Give the day to Mr. Washington
Monday was Presidents Day, a federal holiday that most people don't really think twice about. That is a genuine shame, because before there was "Presidents Day," America celebrated the February 22nd birth of the most consequential president in our history: George Washington.
Author Richard Brookhiser made the case back in 2013 for ditching the generic "Presidents Day" and returning to celebrating Washington's birthday:
Washington’s reputation suffered an indirect but damaging hit in 1968. It came from those masterminds of many bad ideas—business lobbyists, labor unions and Congress. The Uniform Monday Holiday Act established the “uniform annual observances of certain legal public holidays,” moving Washington’s Birthday, Memorial Day and Veterans Day to Mondays (the third in February, the last in May and the fourth in October, respectively). Federal workers wanted three-day weekends, and the Chamber of Commerce and the National Association of Manufacturers thought productivity would rise without midweek interruptions. Memorial Day and Veterans Day were already somewhat abstract observances—what did it matter what day they fell on? But to mess with a man’s birthday is to steal a piece of his soul.
To add insult to injury, some wanted to call the new February holiday Presidents Day, in honor of both Washington and Lincoln. This failed in Congress—the official name of the holiday is still Washington’s Birthday—but the impression lingered. George and Honest Abe start hawking cars and washers as soon as the Valentine’s Day cards get put away. Or maybe that informal plural noun embraces every dead president, including Franklin Pierce and Chester Alan Arthur.
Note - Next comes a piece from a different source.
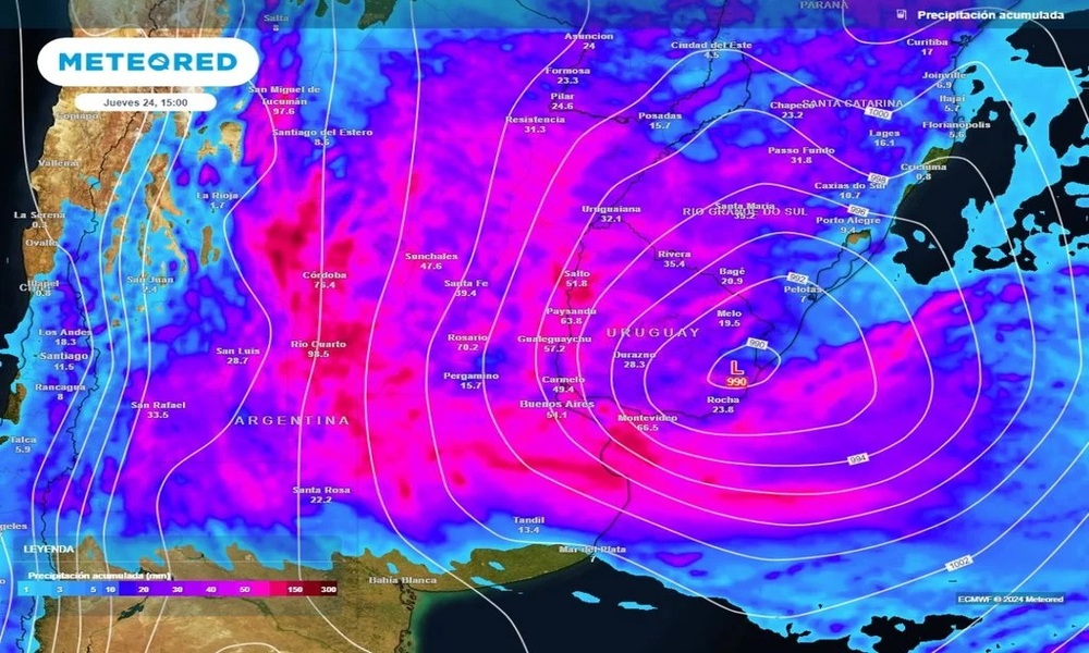 Según destaca la web meteorológica METEORED, entre el martes y miércoles habrá lluvias de 70 a 120 mm en Argentina.

If we honor them all, they must all be equally honorable (or equally forgettable).
Time to put Washington back where he belongs, on February 22, and first in our hearts.
And he belongs there for some truly excellent reasons:
George III was right: Washington was the greatest character of his age—and of our age, as a glance at the headlines shows. We live in an era of revolutions, and so many are sad botches. The former Soviet Union is Putinland, plus a collection of feral -stans. The former Yugoslavia is only now emerging from a carnival of war crimes. The Arab Spring exchanges one group of despots for new, more pious ones. Royalty is out of fashion, but aged megalomaniacs and their kin rule by divine right in all but name—the Kims in North Korea, the Castros in Cuba, Robert Mugabe still hanging on in Zimbabwe.
Revolution is hard—as hard as freedom. It takes work, willpower, military skill, political cunning—and the wisdom and humility to know that all power is on loan, and at the service of the life, liberty and happiness of one’s fellow citizens. A big man in a hick country figured that out two centuries ago, and for 22 years—from taking command of the Continental Army, to attending the inauguration of his successor in 1797—he made it work. Happy birthday, George.
Hppy birthday, indeed, Mr. President.